### Goal of the exercise
Only one part of the listing is needed: the lines from the one with "Ce T-shirt Dona" through the last line, copied exactly and free of pictures.

### Data extract
####

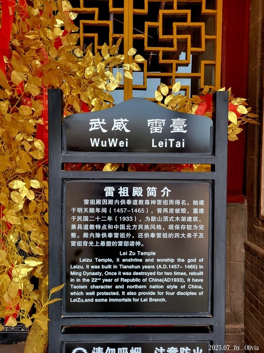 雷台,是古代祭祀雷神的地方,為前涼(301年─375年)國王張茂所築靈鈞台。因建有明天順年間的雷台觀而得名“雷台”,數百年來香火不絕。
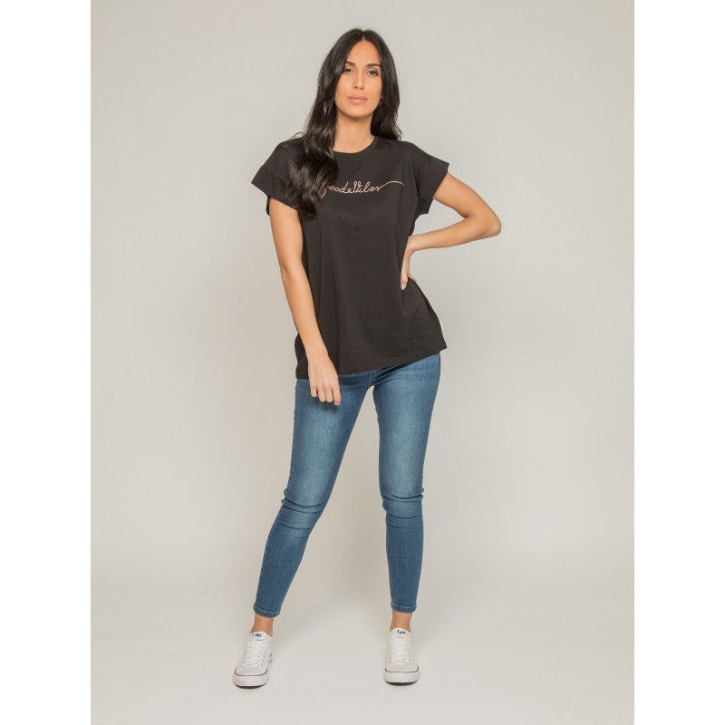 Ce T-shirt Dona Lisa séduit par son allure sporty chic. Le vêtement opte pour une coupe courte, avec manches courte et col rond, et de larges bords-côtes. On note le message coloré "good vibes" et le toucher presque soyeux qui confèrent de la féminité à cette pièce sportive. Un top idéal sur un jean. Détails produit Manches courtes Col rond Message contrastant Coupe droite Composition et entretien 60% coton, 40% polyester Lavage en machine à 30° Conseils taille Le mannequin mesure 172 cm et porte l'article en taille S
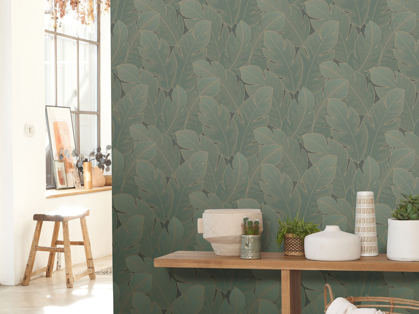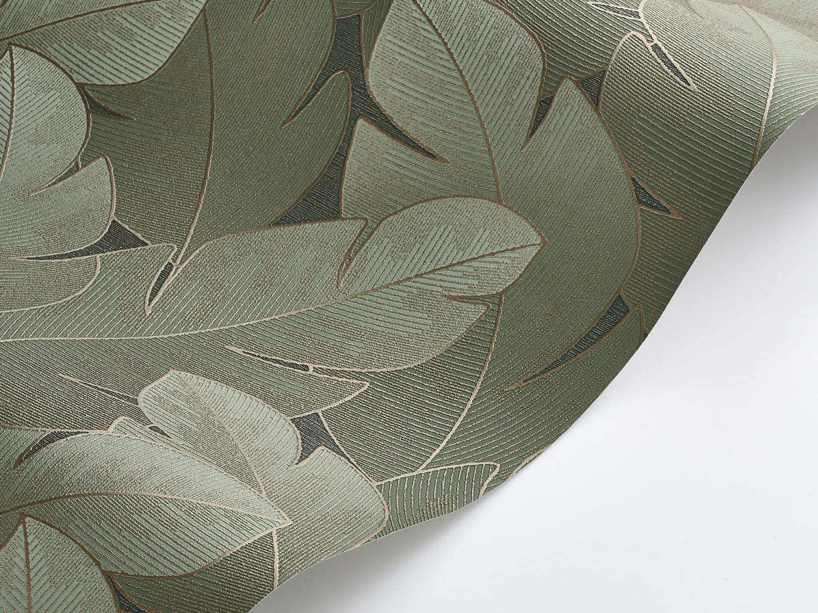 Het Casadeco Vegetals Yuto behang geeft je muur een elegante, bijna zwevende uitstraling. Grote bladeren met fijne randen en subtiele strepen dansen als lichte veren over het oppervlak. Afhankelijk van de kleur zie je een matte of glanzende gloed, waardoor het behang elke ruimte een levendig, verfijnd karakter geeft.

####

### Answer space
 Ce T-shirt Dona Lisa séduit par son allure sporty chic. Le vêtement opte pour une coupe courte, avec manches courte et col rond, et de larges bords-côtes. On note le message coloré "good vibes" et le toucher presque soyeux qui confèrent de la féminité à cette pièce sportive. Un top idéal sur un jean. Détails produit Manches courtes Col rond Message contrastant Coupe droite Composition et entretien 60% coton, 40% polyester Lavage en machine à 30° Conseils taille Le mannequin mesure 172 cm et porte l'article en taille S
 Het Casadeco Vegetals Yuto behang geeft je muur een elegante, bijna zwevende uitstraling. Grote bladeren met fijne randen en subtiele strepen dansen als lichte veren over het oppervlak. Afhankelijk van de kleur zie je een matte of glanzende gloed, waardoor het behang elke ruimte een levendig, verfijnd karakter geeft.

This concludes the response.